▶ What the task requires
Every line of the data below must be output exactly, with images left out.

▶ Supplied data

═══

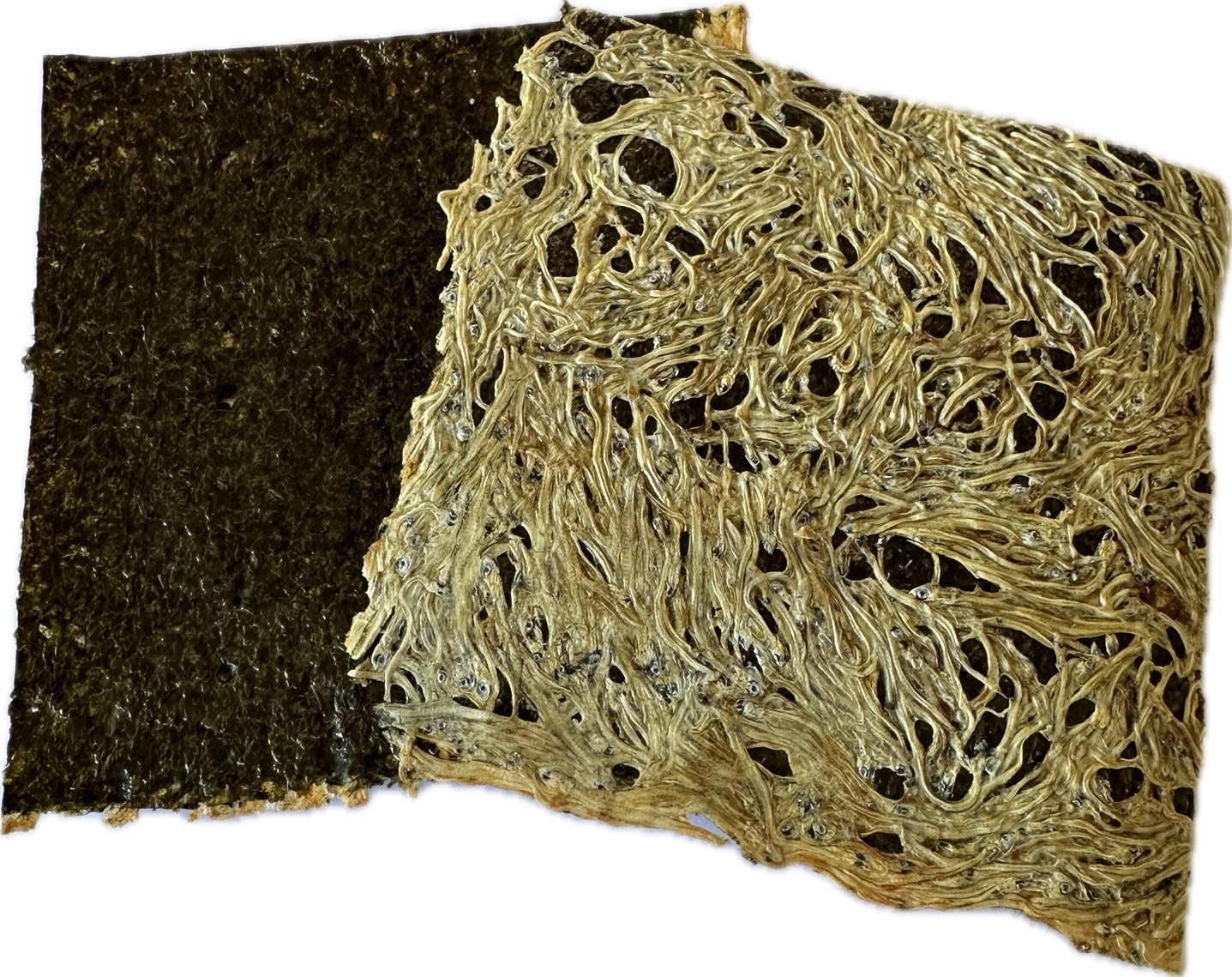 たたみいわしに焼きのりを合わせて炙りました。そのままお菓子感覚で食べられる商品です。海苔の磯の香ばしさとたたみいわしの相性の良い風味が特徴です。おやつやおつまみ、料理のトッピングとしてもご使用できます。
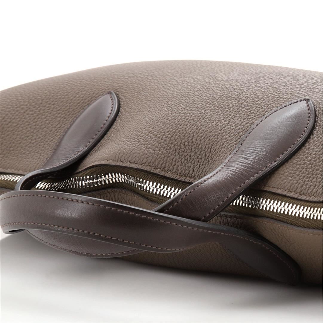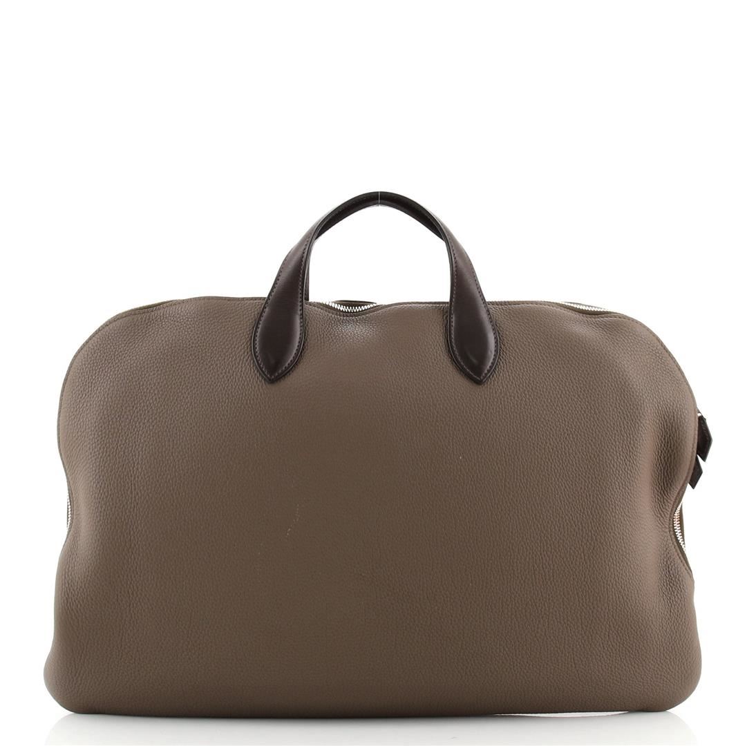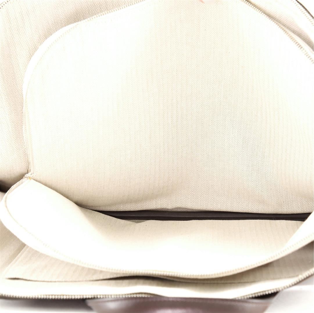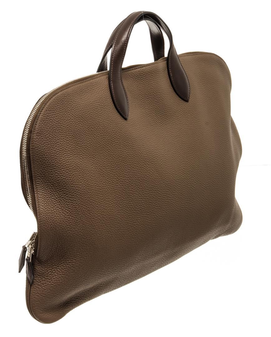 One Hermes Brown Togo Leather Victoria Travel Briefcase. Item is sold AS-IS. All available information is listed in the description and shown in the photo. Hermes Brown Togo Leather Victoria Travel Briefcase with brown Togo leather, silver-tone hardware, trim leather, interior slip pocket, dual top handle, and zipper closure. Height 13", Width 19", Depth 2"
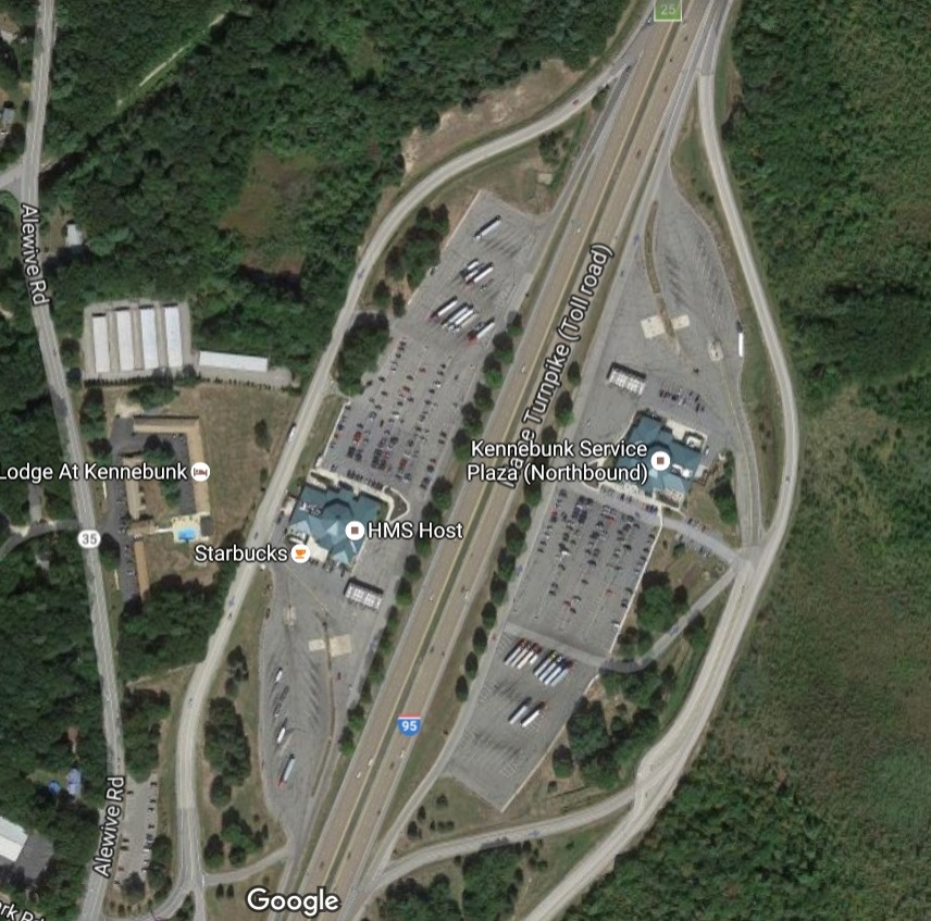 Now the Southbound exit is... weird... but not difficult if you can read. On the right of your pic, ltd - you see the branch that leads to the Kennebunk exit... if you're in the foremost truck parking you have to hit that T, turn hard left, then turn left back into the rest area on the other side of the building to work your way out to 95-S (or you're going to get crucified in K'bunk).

═══

▶ Answer area
 たたみいわしに焼きのりを合わせて炙りました。そのままお菓子感覚で食べられる商品です。海苔の磯の香ばしさとたたみいわしの相性の良い風味が特徴です。おやつやおつまみ、料理のトッピングとしてもご使用できます。
 One Hermes Brown Togo Leather Victoria Travel Briefcase. Item is sold AS-IS. All available information is listed in the description and shown in the photo. Hermes Brown Togo Leather Victoria Travel Briefcase with brown Togo leather, silver-tone hardware, trim leather, interior slip pocket, dual top handle, and zipper closure. Height 13", Width 19", Depth 2"
 Now the Southbound exit is... weird... but not difficult if you can read. On the right of your pic, ltd - you see the branch that leads to the Kennebunk exit... if you're in the foremost truck parking you have to hit that T, turn hard left, then turn left back into the rest area on the other side of the building to work your way out to 95-S (or you're going to get crucified in K'bunk).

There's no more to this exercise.